Arturo TabladaArturo Tablada

Arturo “A.J.” Tablada, a Notre Dame science-business major who graduated from ESTEEM in 2015, has taken his entrepreneurial skills and passion for positive change to Carrfour Supportive Housing in Miami, fulfilling his childhood passion for real estate development while helping individuals overcome homelessness and poverty. He is a housing developer for the nonprofit whose multifamily units bring together a mix of residents, from individuals who are formerly homeless to those who can pay market rates, with in-house support consisting of life skills training, financial literacy, and mental health services, amongst other supportive services. 

“The unique part of our work is in our partnerships with nonprofits already working in the neighborhoods we develop in, housing them in our buildings’ community spaces,” says Tablada, who joined Carrfour in 2018. One 80-unit building he is developing includes a clubhouse and kitchen where a local agency, The Key Clubhouse, will train individuals with mental illness the skills to become chefs or waiters, for example, as well as offer a business services area for additional corporate training. 

Successful development of affordable housing requires navigating a host of regulations, governmental agencies, low-income housing tax credits, real estate land acquisitions, zoning, due diligence, budgeting, finance, and construction management – just like running a successful startup, Tablada says. He works with attorneys, real estate agents, government officials, architects, engineers, general contractors, lenders, equity partners, accountants and others. Like entrepreneurship, real estate development requires being able to wear multiple hats in multiple roles. 

“It takes several years and a big team of people to come together – 100 to 200 people,” he says, adding that some project budgets are upwards of $30 million. “I really treasure my experience with ESTEEM. It really taught me the values of entrepreneurship and, most importantly, the ways we can understand each other as human beings and have that emotional intelligence to connect with people of very different backgrounds.

“You have a vision. You create this vision before you ever secure financing. You close the deal, and slowly but surely, you make progress toward building that vision and community. Through this work, you can leave an imprint on your neighborhoods just as startups do for their end users.”

Carrfour, which has built more than 2,000 units in 25 years, is expanding across Florida from its Miami base. Tablada’s first project, an 18-unit rehabilitation, is completed, and two new developments that broke ground in 2019 will be completed this spring. 

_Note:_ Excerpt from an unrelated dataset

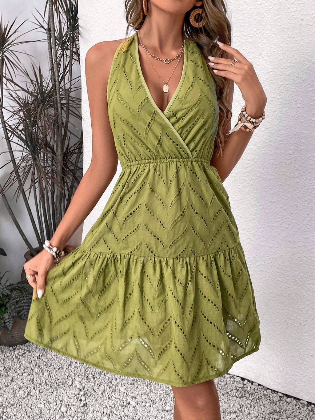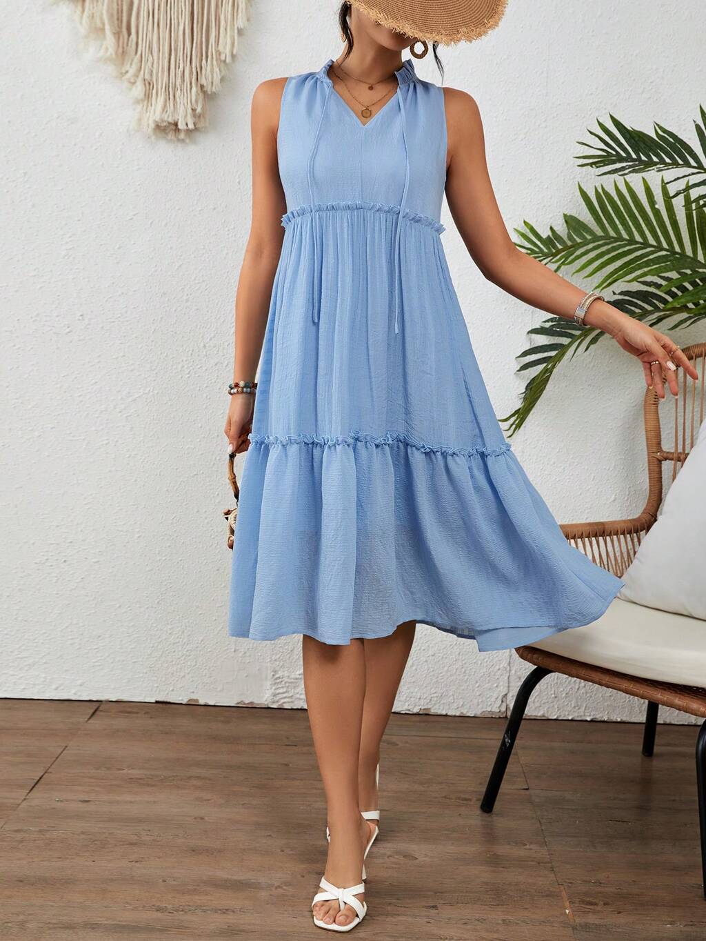 Women's Halter Neck Tie Back Sleeveless Dress With Ruffle Hem

“Development is entrepreneurship on a very large scale,” he says. “The more I dive deep into it, the more I see both lining up. It includes teambuilding and bringing people together for that common cause, even in the details of financial projections and spreadsheets of how you’re doing on your budget. Every deal has to survive on its own – just like every company. But even deeper than that, it's about the fundamental question of, what does this neighborhood, what does this user need or want, and how can we deliver it?”